- [Activity]: Return an exact copy of the data, starting at its first line and ending at the line that contains "Symmetrical biomorphic shapes", minus any pictures.

- [Information]:

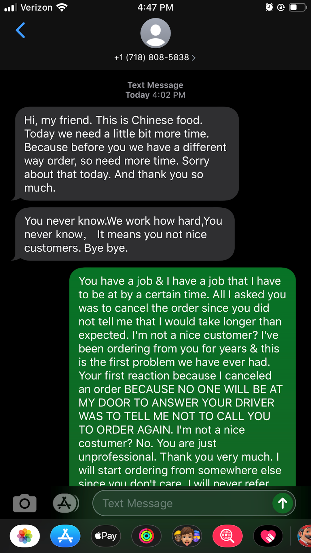 She then proceeded to text message me and tell me that I am not a nice customer along with some other words. I have attached the text conversation between me and the owner to this post because of HOW RUDE this woman was. I was waiting for food for MYSELF and MY YOUNGER SIBLINGS before I left for work. She told me I wasted her food, time, and money even tho I was the one who wasted my time and money and food that I was trying to feed my siblings.
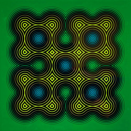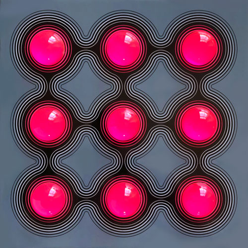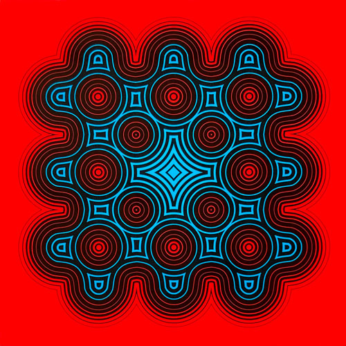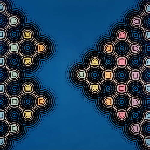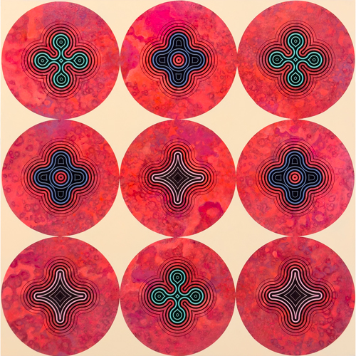 Symmetrical biomorphic shapes appeared in the work some years ago, and they reminded me of mouths or vibrating vocal cords, so I called them "words". Viewers have often said they remind them of an alien alphabet. I've since connected this to an artistic movement called "asemic writing", referring to abstract imagery that resembles written language but doesn't have any specific meaning.
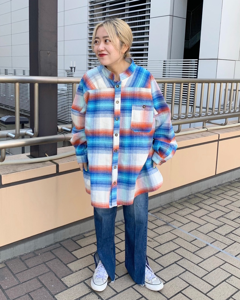 シャツをメインに大好きなとことんカジュアルにデニムとスニーカー合わせにしました!低身長でもオーバーサイズをバランスよく見せるためにボトムはストレートを選んだり髪の毛を括ったりメリハリを付けることをいつも意識します!
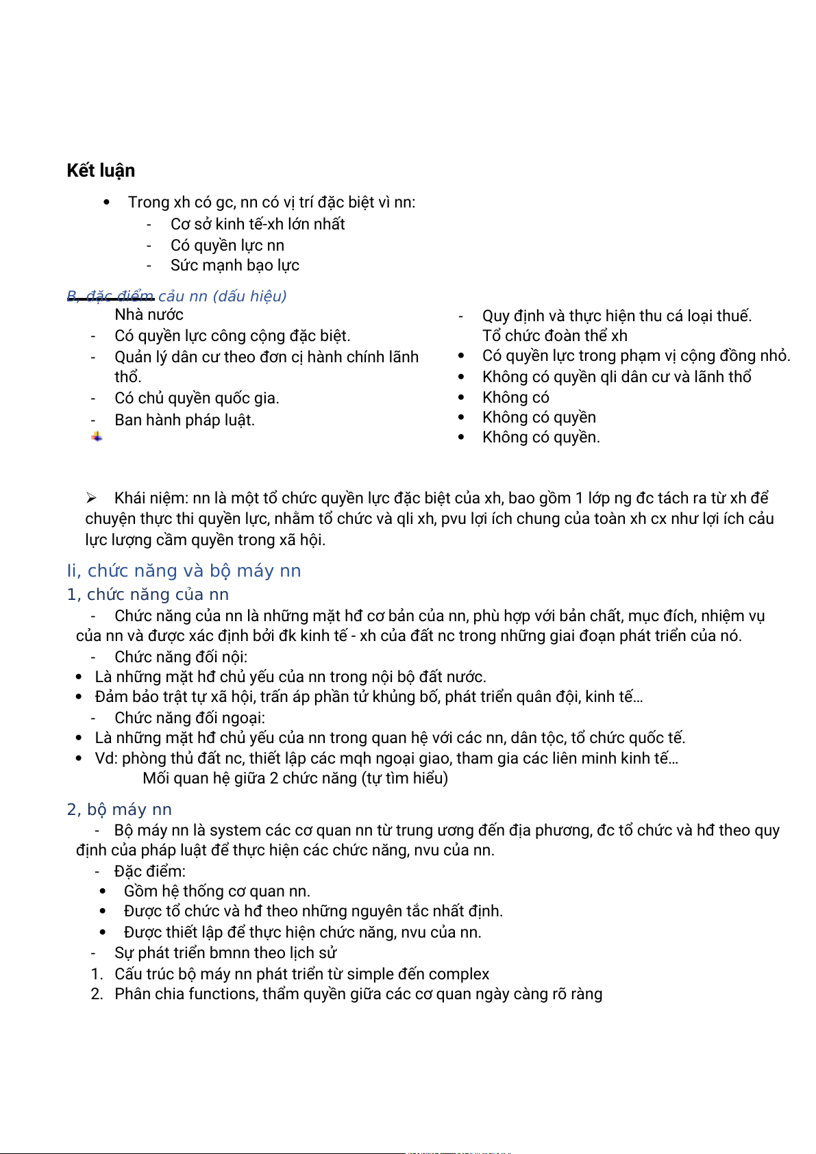 B, đặc điểm cảu nn (dấu hiệu) Nhà nước -
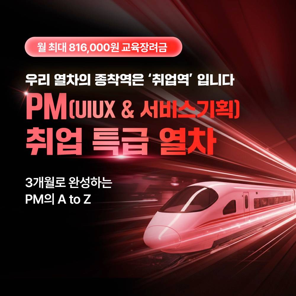 [전국/무료] 서비스 기획부터 UI/UX까지, PM 취업 특급 열차 지금 출발합니다!실제 현업에서 쓰이는 서비스 기획 툴과 데이터 분석 방법론을 활용해 16주간 PM 실무 전 과정을 배우고, 프로젝트와 멘토링을 통해 실무 기획 역량과 취업 경쟁력을 완성할 수 있습니다.
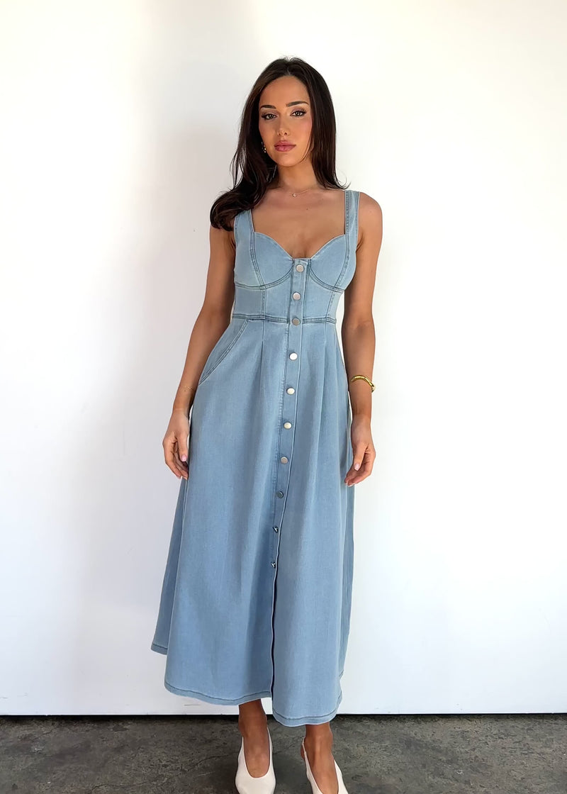 Casual meets chic in the Deja Denim Midi Dress - Light Blue, perfect with trainers and a crossbody for daywear or heels and statement earrings for a polished evening look. A denim favourite with a fresh twist.
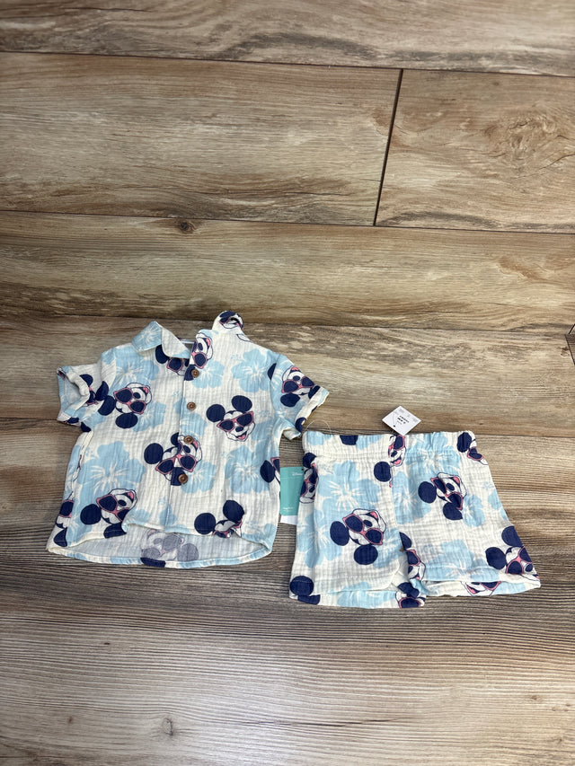 NEW Disney Baby 2pc Mickey Mouse Gauze Button Up & Shorts Set Ivory sz 3-6m
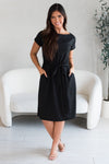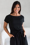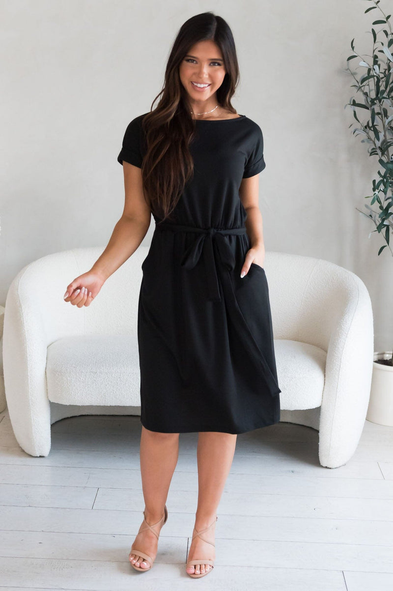 This knitted beauty is as classy as they come! There is nothing not to love about this casual beauty. Featuring short cuffed sleeves, a belt tie waist, pockets, and gorgeous classic black color. We are absolutely in love with this new arrival!
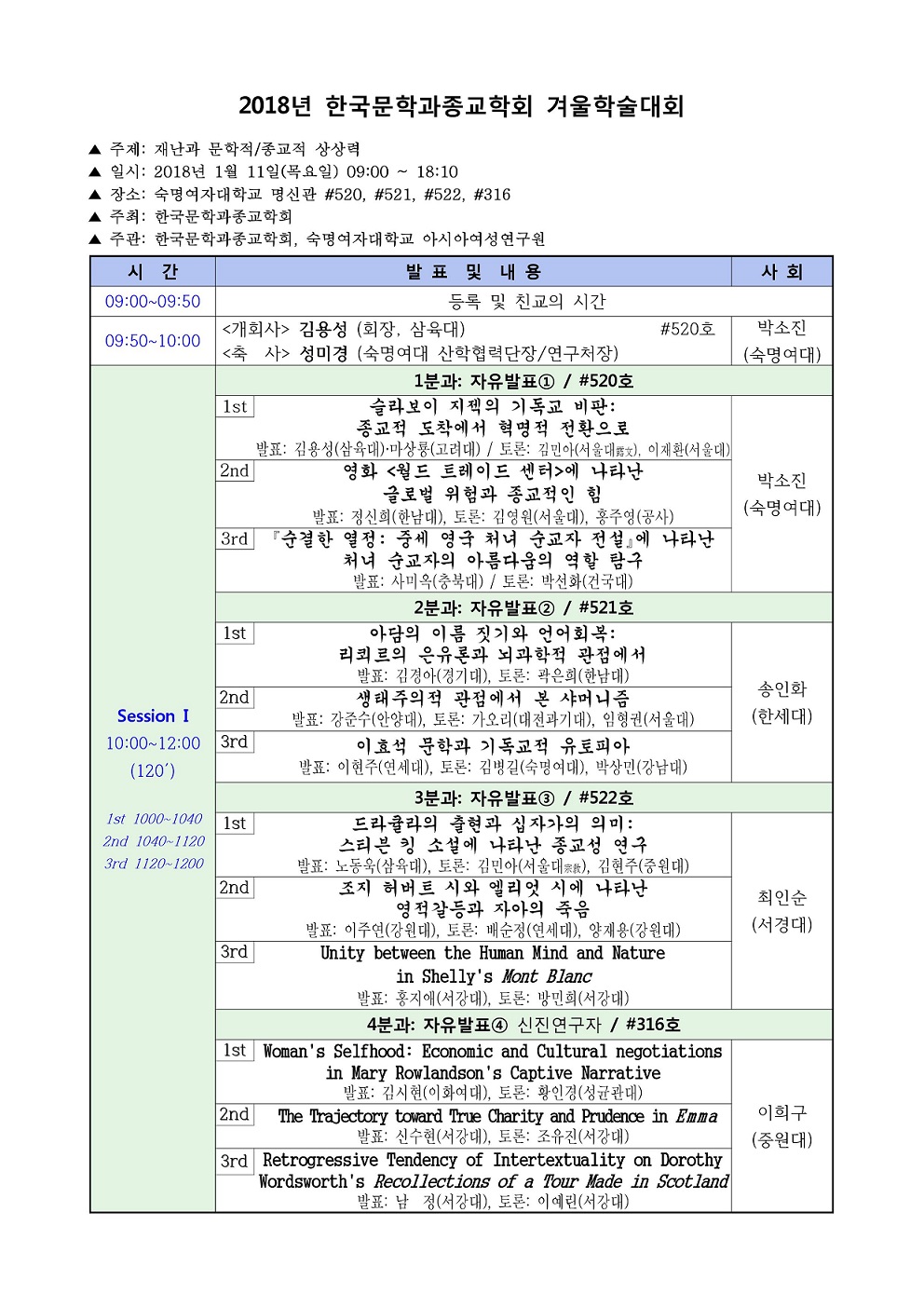 ■ 주 관_ 한국문학과종교학회, 숙명여자대학교 아시아여성연구원
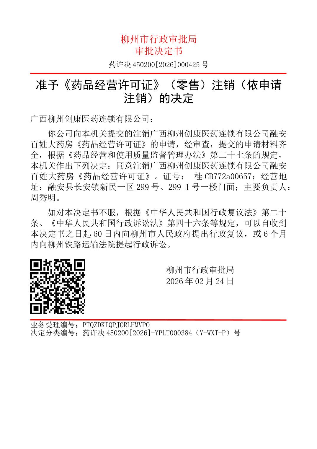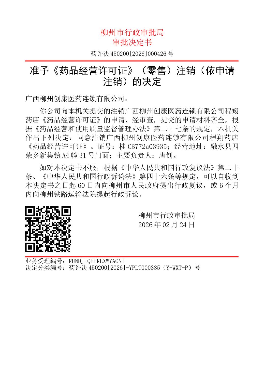 准予《药品经营许可证》(零售)注销(依申请注销)的决定(广西柳州创康医药连锁有限公司程翔药店、广西柳州创康医药连锁有限公司融安百姓大药房)

- [Result]:
 She then proceeded to text message me and tell me that I am not a nice customer along with some other words. I have attached the text conversation between me and the owner to this post because of HOW RUDE this woman was. I was waiting for food for MYSELF and MY YOUNGER SIBLINGS before I left for work. She told me I wasted her food, time, and money even tho I was the one who wasted my time and money and food that I was trying to feed my siblings.
 Symmetrical biomorphic shapes appeared in the work some years ago, and they reminded me of mouths or vibrating vocal cords, so I called them "words". Viewers have often said they remind them of an alien alphabet. I've since connected this to an artistic movement called "asemic writing", referring to abstract imagery that resembles written language but doesn't have any specific meaning.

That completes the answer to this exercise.